Cardinal Carlo Maria Martini, the former archbishop of Milan and a former rector of the Pontficial Biblical Institute in Rome, published his recommendations in the Feb. 2 issue of La Civiltà Cattolica, a Jesuit-run journal that enjoys a semi-official Vatican status. Martini, a Jesuit, is widely regarded as a leading voice for the progressive wing of the Catholic church.
His essay on the Synod suggests concern that next October’s Synod could be an occasion for reconsidering, or even reversing, choices about scripture made by the progressive majority at Vatican II.

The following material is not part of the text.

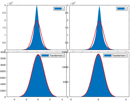 % Anamorphosis for intra for i_uv=1:numel(uv) [f,x] = ecdf(vici.(uv{i_uv})(:)); transi.([uv{i_uv} '_axis']) = x(2:(numel(x)/10000):end); transi.([uv{i_uv} '_axis_t']) = norminv(f(2:(numel(x)/10000):end)); victi.(uv{i_uv}) = interp1(transi.([uv{i_uv} '_axis']),transi.([uv{i_uv} '_axis_t']),vici.(uv{i_uv}),'pchip'); end figure; ha=tight_subplot(2,2); axes(ha(1)); histfit(vici.(uv{1})(:)); legend('u') axes(ha(2)); histfit(vici.(uv{2})(:)); legend('v') axes(ha(3)); histfit(victi.(uv{1})(:)); legend('Transformed u') axes(ha(4)); histfit(victi.(uv{2})(:)); legend('Transformed v')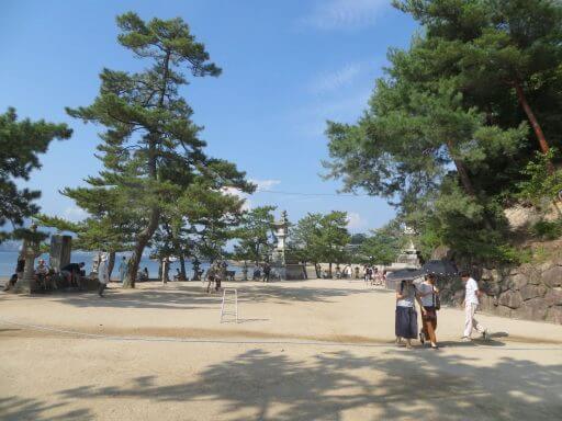 Dès notre arrivée, nos yeux se sont portés sur le sanctuaire Itsukushima et plus particulièrement sur le grand tori majestueux qui flotte dans l’eau. Nous sommes arrivés à marée basse et il dégageait une puissance et une beauté impressionnante. Mais à marée haute, il parait que c’est absolument magique.

Pope Benedict XVI has appointed Cardinal Marc Ouellet of Quebec, another scripture scholar, to lead the October synod on the topic of “The Word of God in the Life and Mission of the Church,” along with Austrian-born Bishop Wilhelm E. Egger of Bolzano-Bressanone, Italy, as his special secretary. The synod is scheduled to meet Oct. 5-26.

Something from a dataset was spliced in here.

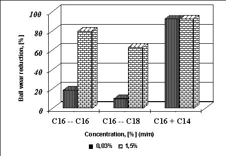 The most striking finding, clearly demonstrated in Figure 6, relates to the fact that the acid/alcohol mixtures investigated have the same effect on the steel-on-steel wear process. Their anti-wear property does not change with the concentration in n-hexadecane. Additionally, the mixtures affect dramatically the wear reduction of steel under boundary lubrication conditions. Results obtained in this work enable to state that the hypothesis saying "during the friction process under boundary lubrication conditions, lubricated by aliphatic esters, the ester hydrolysis process cannot proceed without an adequate catalyst" was proved for aliphatic esters dissolved in n-hexadecane.

In substance, Martini’s essay is a defense of the Vatican II document Dei Verbum, the Dogmagtic Constitution on Divine Revelation, which he calls “perhaps the most beautiful” text of the council.
Though Martini does not make the point, it is also the Vatican II document with which a young German theologian named Joseph Ratzinger, today Pope Benedict XVI, was most involved.